Show every line in the entries below where the word "expendedoras" appears.

## The data
● ● ● ● ●

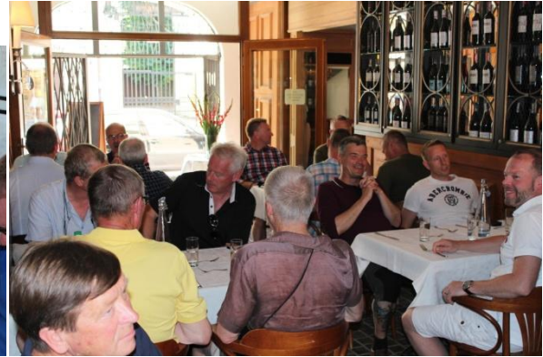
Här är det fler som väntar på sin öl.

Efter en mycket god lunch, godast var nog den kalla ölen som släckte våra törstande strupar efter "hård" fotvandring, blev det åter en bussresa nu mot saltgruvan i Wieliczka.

● ● ● ● ●

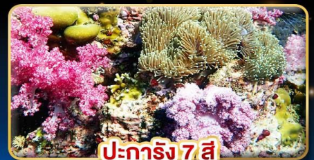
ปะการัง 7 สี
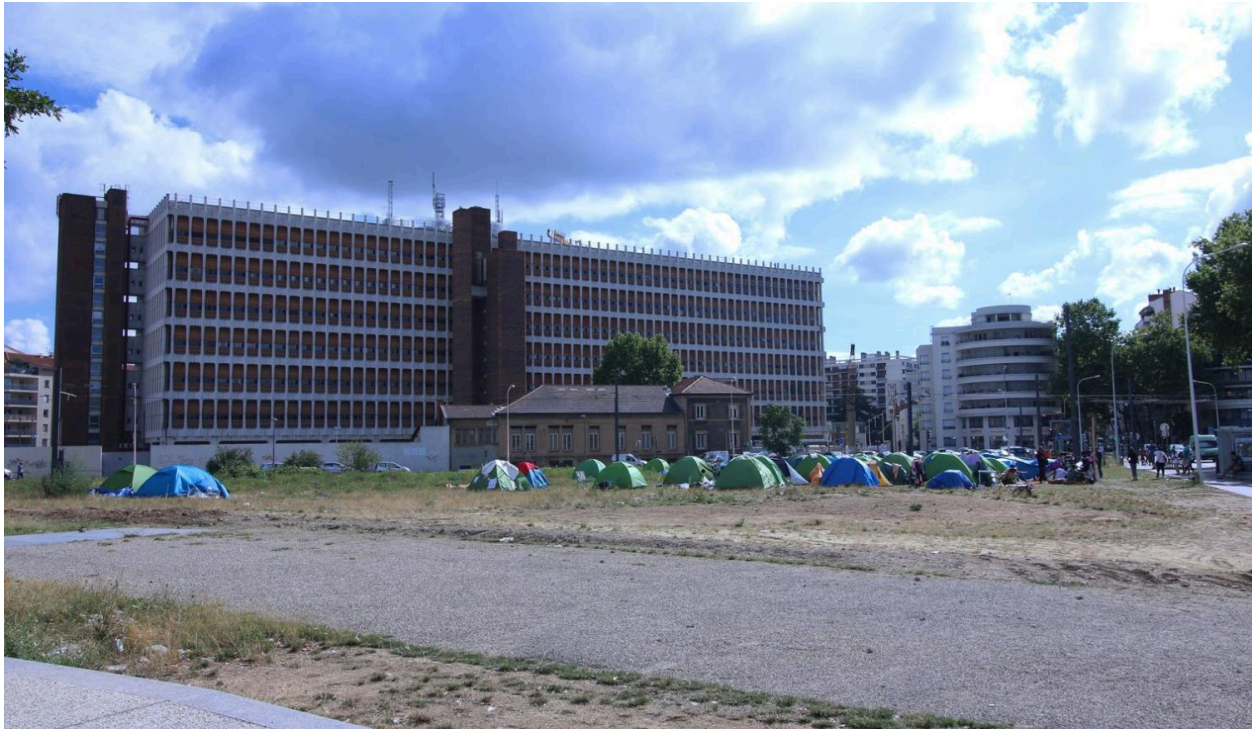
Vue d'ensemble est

● ● ● ● ●

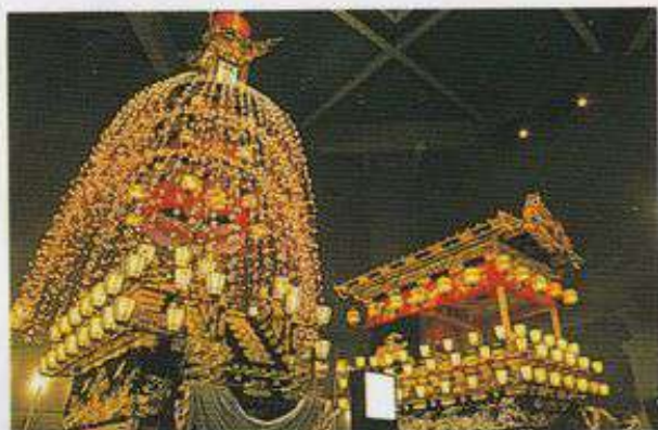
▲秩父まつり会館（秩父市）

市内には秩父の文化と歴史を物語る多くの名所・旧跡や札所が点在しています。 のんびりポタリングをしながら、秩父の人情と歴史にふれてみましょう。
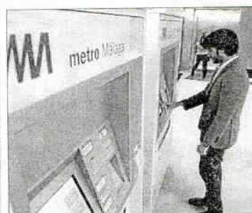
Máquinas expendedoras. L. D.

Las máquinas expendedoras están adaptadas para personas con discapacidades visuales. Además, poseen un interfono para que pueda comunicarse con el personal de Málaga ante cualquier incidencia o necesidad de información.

● ● ● ● ●

## Result for this task
Máquinas expendedoras. L. D.
Las máquinas expendedoras están adaptadas para personas con discapacidades visuales. Además, poseen un interfono para que pueda comunicarse con el personal de Málaga ante cualquier incidencia o necesidad de información.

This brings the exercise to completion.